» WORK TO BE COMPLETED:
Only the lines below from the one containing "至于室内的光线,他则把重点放" through the one containing "Shinelab Heartbeat Stethoscope" belong in the answer, repeated exactly and without pictures.

» LISTED ENTRIES:
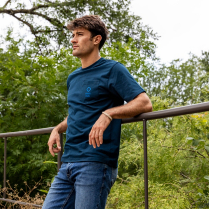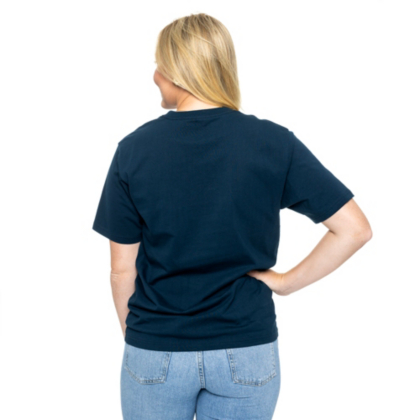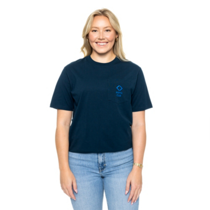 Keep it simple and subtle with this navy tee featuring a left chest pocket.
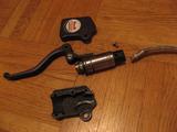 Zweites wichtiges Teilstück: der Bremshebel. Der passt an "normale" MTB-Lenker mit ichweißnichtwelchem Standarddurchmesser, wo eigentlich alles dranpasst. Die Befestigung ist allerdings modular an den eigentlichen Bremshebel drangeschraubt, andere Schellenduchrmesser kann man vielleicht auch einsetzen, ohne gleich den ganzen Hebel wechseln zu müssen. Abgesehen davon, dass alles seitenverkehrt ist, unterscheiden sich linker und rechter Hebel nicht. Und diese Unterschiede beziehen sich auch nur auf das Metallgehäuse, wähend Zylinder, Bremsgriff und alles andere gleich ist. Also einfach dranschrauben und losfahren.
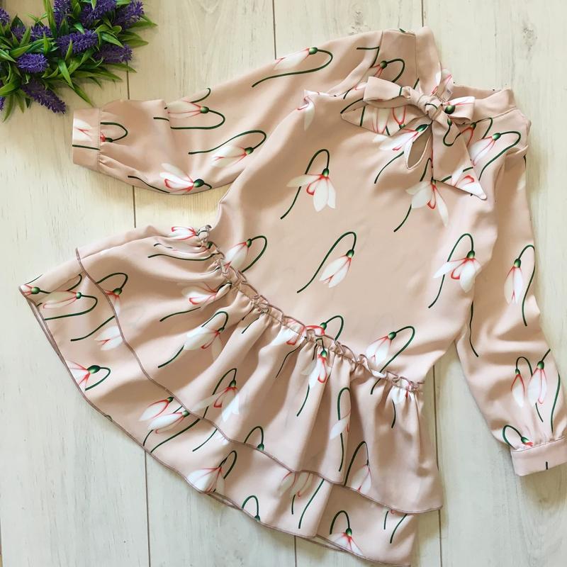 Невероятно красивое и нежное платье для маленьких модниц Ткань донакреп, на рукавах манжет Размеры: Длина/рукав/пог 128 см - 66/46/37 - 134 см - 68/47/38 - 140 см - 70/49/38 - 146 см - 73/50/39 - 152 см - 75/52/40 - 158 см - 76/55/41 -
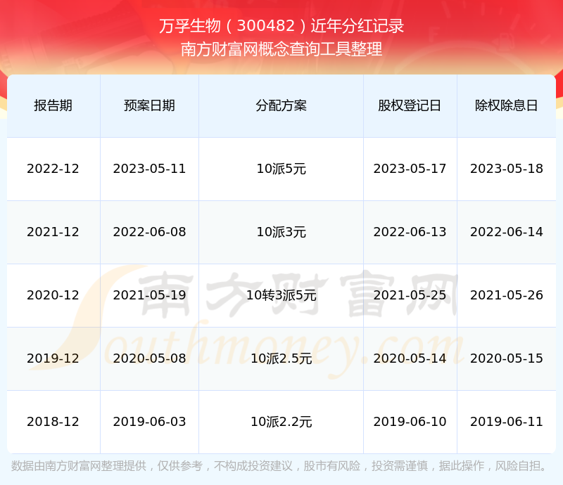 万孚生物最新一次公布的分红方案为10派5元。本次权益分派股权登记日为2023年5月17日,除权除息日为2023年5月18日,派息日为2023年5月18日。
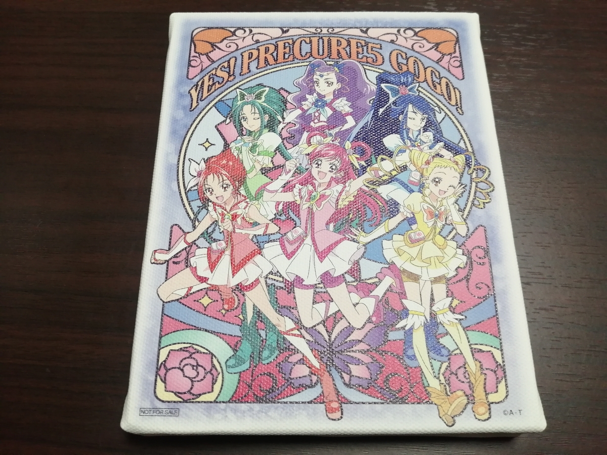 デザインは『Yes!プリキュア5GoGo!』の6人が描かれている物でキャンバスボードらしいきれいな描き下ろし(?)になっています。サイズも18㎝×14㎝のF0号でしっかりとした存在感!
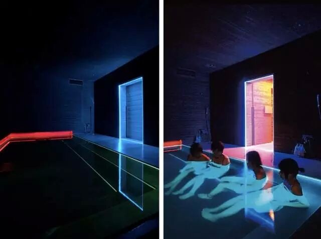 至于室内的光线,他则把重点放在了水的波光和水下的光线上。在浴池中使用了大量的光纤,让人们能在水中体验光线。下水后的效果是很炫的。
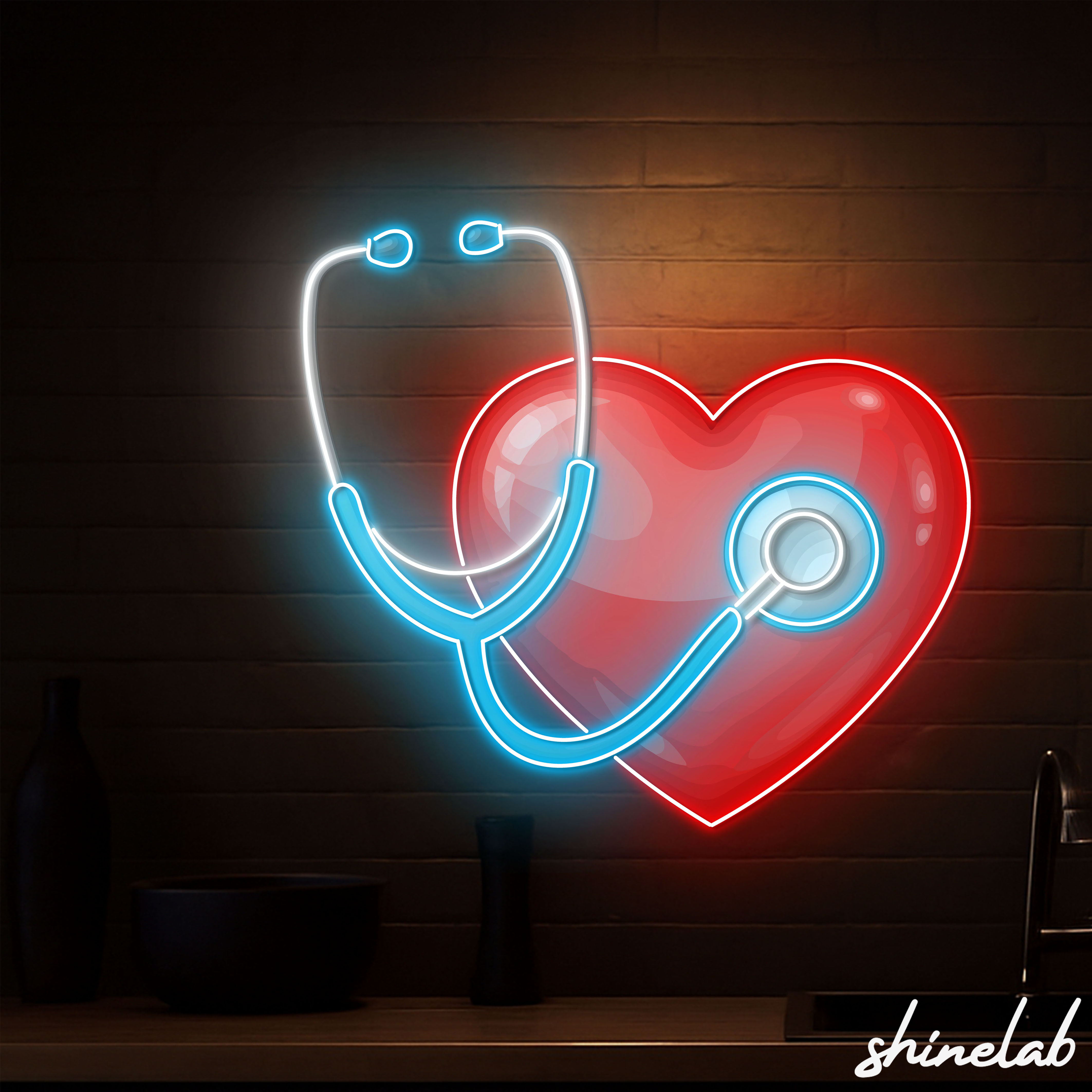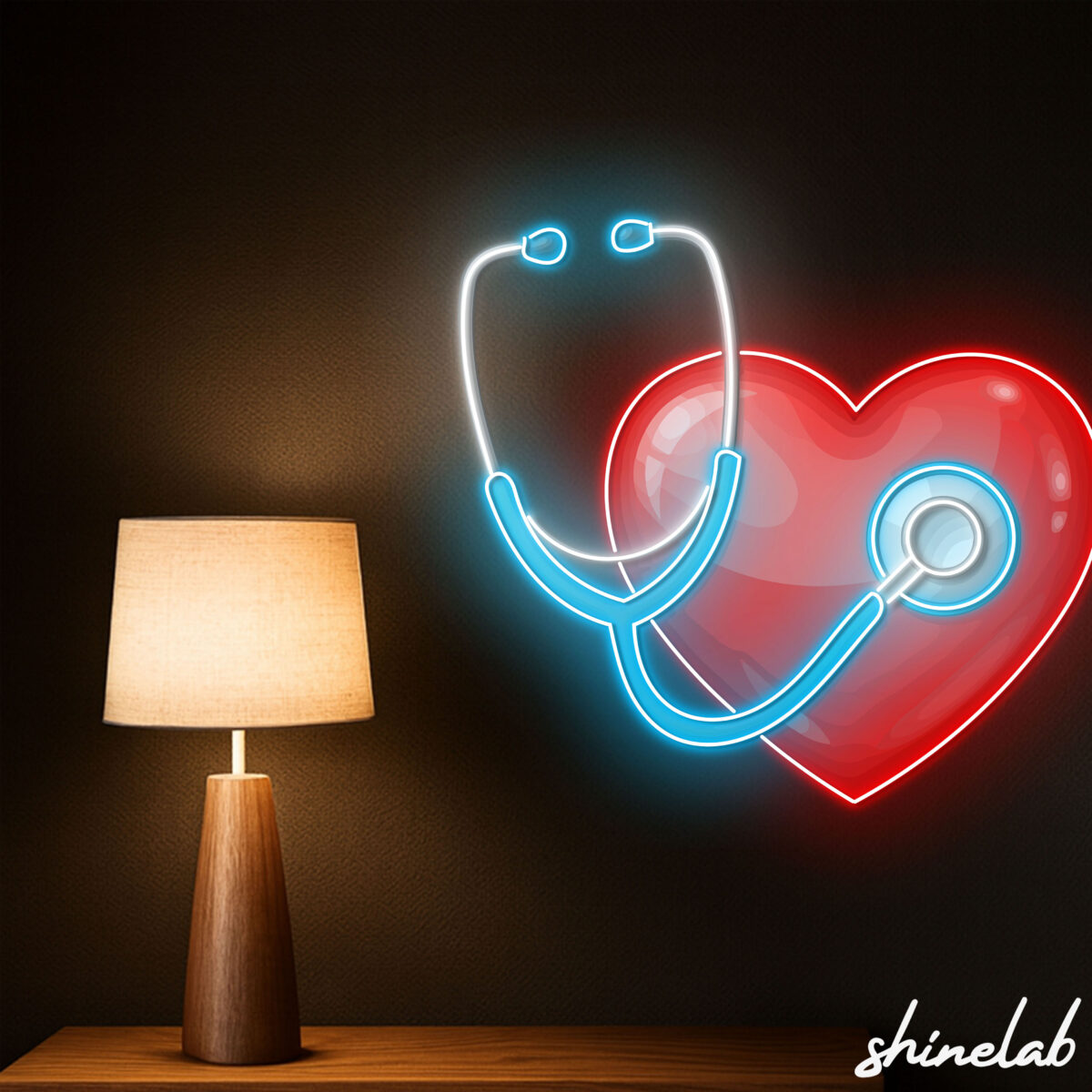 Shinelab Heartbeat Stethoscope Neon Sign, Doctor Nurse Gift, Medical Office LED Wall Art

==

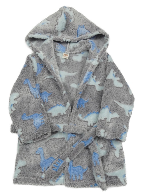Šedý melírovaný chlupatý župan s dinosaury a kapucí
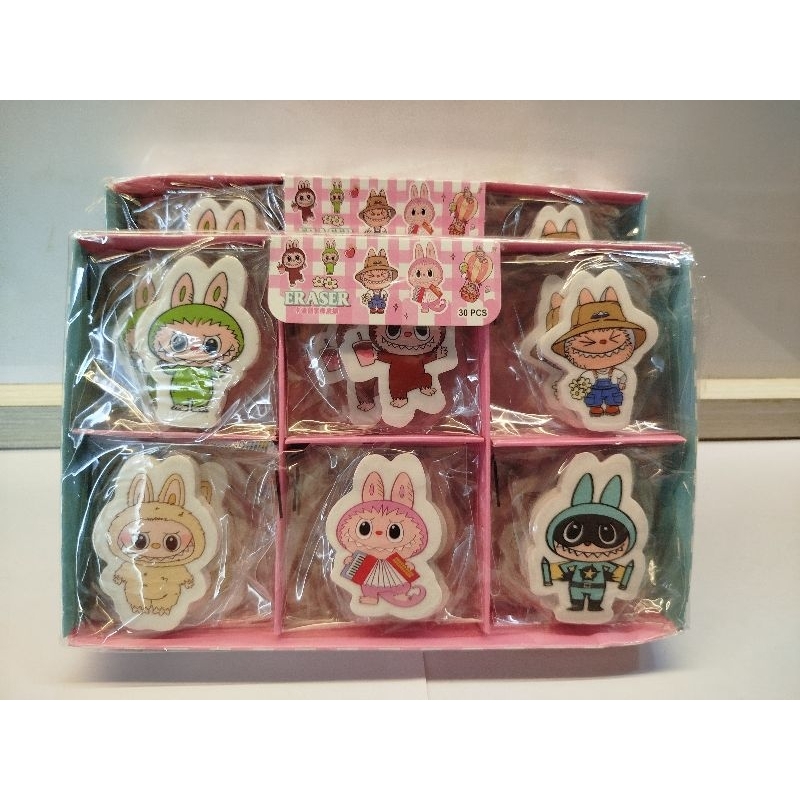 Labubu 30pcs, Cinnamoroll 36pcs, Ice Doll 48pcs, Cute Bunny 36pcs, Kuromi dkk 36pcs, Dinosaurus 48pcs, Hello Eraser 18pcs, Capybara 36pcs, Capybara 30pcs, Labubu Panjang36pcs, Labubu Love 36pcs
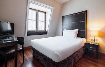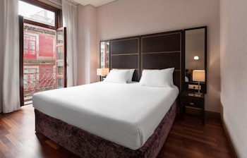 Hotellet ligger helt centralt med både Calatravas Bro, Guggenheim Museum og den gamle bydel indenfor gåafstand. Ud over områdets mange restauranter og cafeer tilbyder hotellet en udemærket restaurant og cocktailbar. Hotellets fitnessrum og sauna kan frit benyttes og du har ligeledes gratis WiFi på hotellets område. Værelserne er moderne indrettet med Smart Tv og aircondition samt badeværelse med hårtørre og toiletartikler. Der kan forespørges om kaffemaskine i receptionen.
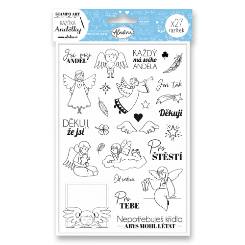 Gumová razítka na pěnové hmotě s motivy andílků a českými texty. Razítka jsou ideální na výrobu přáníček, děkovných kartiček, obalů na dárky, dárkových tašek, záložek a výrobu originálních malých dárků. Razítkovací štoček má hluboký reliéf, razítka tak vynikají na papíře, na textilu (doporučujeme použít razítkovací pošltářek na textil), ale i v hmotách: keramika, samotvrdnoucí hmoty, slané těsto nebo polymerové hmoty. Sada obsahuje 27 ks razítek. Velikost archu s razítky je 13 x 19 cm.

» ANSWER TO THIS EXERCISE:
 至于室内的光线,他则把重点放在了水的波光和水下的光线上。在浴池中使用了大量的光纤,让人们能在水中体验光线。下水后的效果是很炫的。
 Shinelab Heartbeat Stethoscope Neon Sign, Doctor Nurse Gift, Medical Office LED Wall Art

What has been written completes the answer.